COVID-19: ancora sugli “zelanti della privacy”

Torno ancora una volta sul tema “zelanti dell privacy”e diritti fondamentali per chiarire alcuni concetti che dovrebbero essere chiari ma che, evidentemente, non lo sono ancora abbastanza:

  • “privacy” non significa riservatezza. Il giornalista investigativo, il narcotrafficante e il partner infedele vogliono tutti la riservatezza sulle loro attivitè, ma per ragioni diversissime che nulla hanno a che vedere con “la privacy”. Viceversa, va tutelata la vita privata come fa l’articolo 615bis del Codice penale,
  • “privacy” non è nemmeno tutela della vita privata, che e’ un concetto molto più ampio ampio e si estende (a differenza della nozione comune di privacy) anche ai luoghi pubblici dove si applicano pacificamente i reati di molestie e violenza privata (appunto),
  • “privacy” non è trattamento dei dati personali perchè il trattamento dei dati personali è strumentale alla protezione dei diritti e delle libertà fondamentali. Quindi il GDPR non tutela “la privacy”  ma innanzi tutto il bene fondamentale vita e da li’ a scendere,
  • “privacy” non è nemmeno (come è accaduto con l’ambiente) un nuovo diritto da costituzionalizzare perchè la Carta già prevede norme specifiche a tutela dell’inviolabilità del domicilio, della libertà di pensiero, di quella di circolazione e della segretezza delle comunicazioni che “coprono” gli ambiti che si vogliono testardamente far rientrare all’interno della “privacy”.

Dunque, se per “privacy” vogliamo intendere una scorciatoia per non dover ripetere ogni volta libertàdipensierosegretezzadellecomunicazioniecc.ecc., allora mi può anche andare bene, ma deve essere chiaro che non stiamo parlando di diritto positivo.

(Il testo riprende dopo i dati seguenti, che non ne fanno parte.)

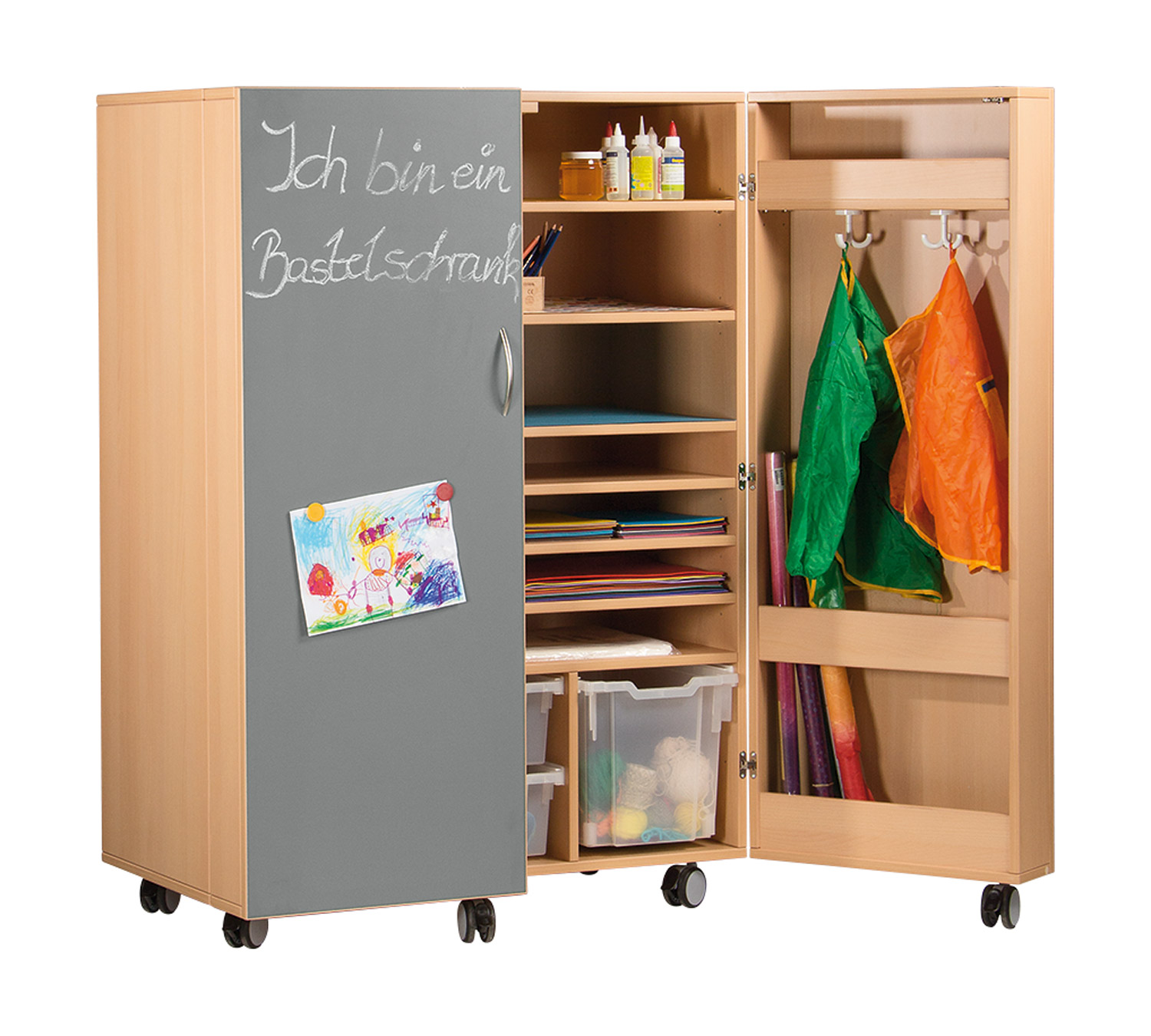 1 Klapp-Materialschrank, (2 Haken für Malerkittel, Schürzen usw. in der rechten Koffertür mit inbegriffen inkl. Schnappschloss), Kunststoffkästen (Größe I, II oder V) und Schienen bitte separat bestellen

Quanto al GDPR, considerato che non protegge la “privacy” ma i diritti fondamentali e dunque il bene vita prima di tutto, la sua interpretazione non può essere diretta a limitare la possibilità di trovare una cura per il COVID-19 come per qualsiasi altra malattia. Questo significa che a decidere se sia necessaria l’identificazione o meno delle persone, se i dati possono essere scambiati o meno fra ricercatori, o se possono essere raccolti lo decide la ricerca e non la legge (o meglio, una sua miope e burocratica interpretazione da parte di miopi e interessati “interpreti”).

A tutti quelli che, anche loro come un disco rotto, continuano a ripetere che “il GDPR non è un freno alla ricerca” e che “si può fare curare il COVID-19 tenendo conto “della privacy”, chiedo di fornire proposte concrete invece di limitarsi ad affermazioni di principio, e chiedo se – in tutta onestà – sarebbero disposti a rimetterci la vita – o quella di un altro essere umano – “in nome della privacy”.

La legge, in una democrazia, è fatta per proteggere l’essere umano e non per celebrare con autocompiacimento narcisistico l’esperienza estetica dell’osservazione di una (peraltro zoppicante)  costruzione giuridica.